El especialista Ignacio Álvarez, quien estuvo a cargo de la completísima reedición de “Hijo de ladrón” que Tajamar Editores lanzó al mercado en 2018, cree que la percepción popular de la novela “claramente ha cambiado” en las últimas décadas y que ya no lleva el estigma soporífero y descafeinado de las lecturas escolares obligatorias.

 

“Yo diría que un primer momento de recuperación pública de esta obra es el que se ha venido dando desde el año 2000 en adelante, acompañando los intentos de transformación social que hemos ido articulando los chilenos”, comenta el investigador y académico.

 

“Aunque suene tópico decirlo, parte de ese olvido en que el libro cayó durante tanto tiempo es responsabilidad de las políticas culturales de la dictadura, que sacó a ‘Hijo de ladrón’ de las lecturas recomendadas y que propició luego una versión ‘existencialista’, despolitizada de la novela. Pero Manuel Rojas siempre ha tenido incondicionales que pasaron esa noche leyéndolo igual, sea desde la militancia política o desde la militancia literaria”, añade.

 

-A propósito de los “intentos de transformación social” que mencionas, ¿qué connotaciones adquiere el aniversario 70 de “Hijo de ladrón” en el Chile post estallido/despertar social?

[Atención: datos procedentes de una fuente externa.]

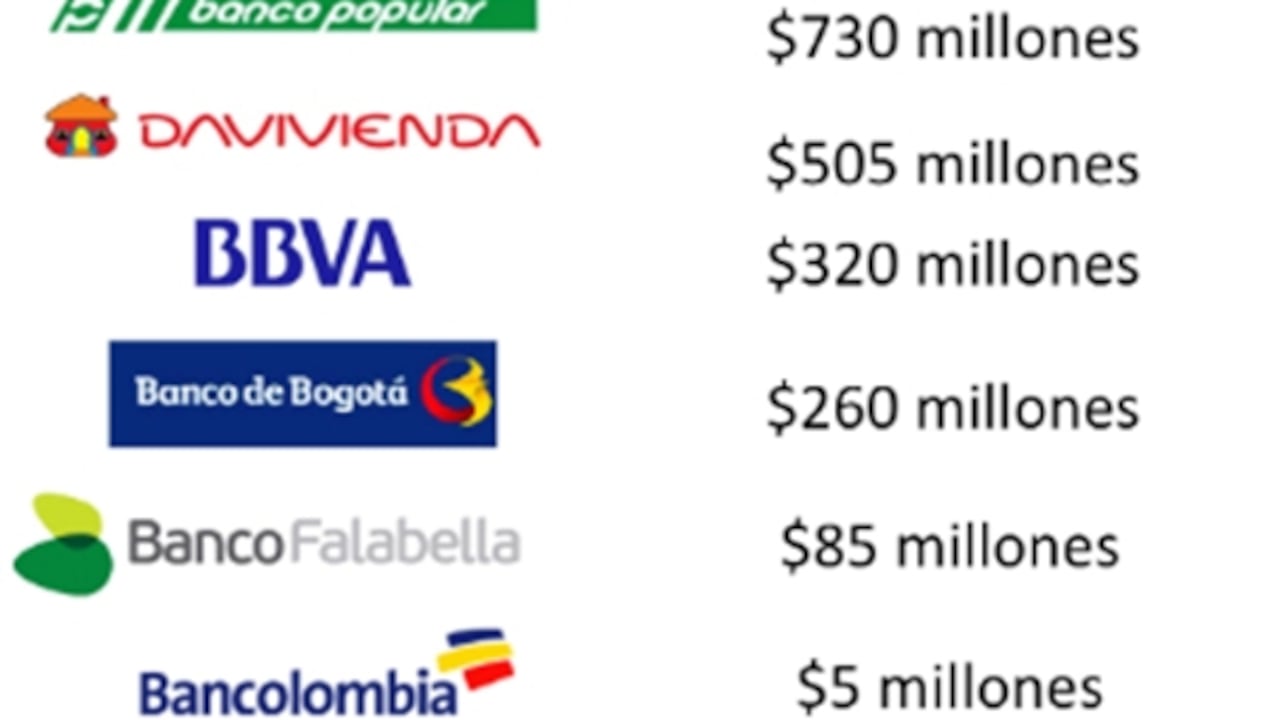 En seguimiento de la lista, en segundo lugar se encuentra Davivienda con sanciones por $505 millones, seguida por el BBVA que acumula multas por $320 millones, del mismo modo que Banco de Bogotá que se instala de cuarto en la lista con $260 millones y Banco Falabella cierra los primeros cinco con $85 millones.

Pregunto esto porque la novela muestra desde dentro un mundo de personas que están excluidas de la sociedad y que por lo tanto, si existieran hoy, estarían entre los grandes perjudicados por la desigualdad económica.

 

-Creo que todos los que nos hemos acercado a la obra de Manuel Rojas hemos sentido que, al menos desde 2006, su mirada ha conversado cada vez más claramente con nuestro presente. Tiene que ver con la experiencia del Aniceto joven, por cierto, su marginación de toda institución y su conciencia de la violencia que los órdenes jerárquicos ejercen sobre las personas.

 

-Si los personajes de Rojas hubieran vivido en el Chile de 2019, probablemente muchos de ellos habrían participado en las protestas. Y los habrían catalogado como simples delincuentes o vándalos, pese a que varios eran obreros y artesanos muy cultivados y políticamente comprometidos.

 

-Cuando los medios de comunicación hablan de ‘anarcos’ o ‘anarquistas’ como sinónimo de delincuentes vulgares o de nihilistas adictos a la destrucción, cualquiera que haya leído ‘Hijo de ladrón’ siente cierta irritación. Rojas nos ha enseñado que por fuera del radar de las instituciones hay una vida rica, intensa, humanamente desafiante, compleja y que solo a veces y sintomáticamente se topa con la violencia. Por otro lado, ‘Hijo de ladrón’ no se trata solo de un joven libertario de veinte años; es también la mirada del Aniceto mayor que, treinta años después, relata su historia. Esa distancia entre el narrador mayor, culto, conocedor de la novela moderna, y su versión joven e inexperta implica una evaluación, una distancia que implica una mirada política nada de cándida. Hay mucha riqueza en la novela.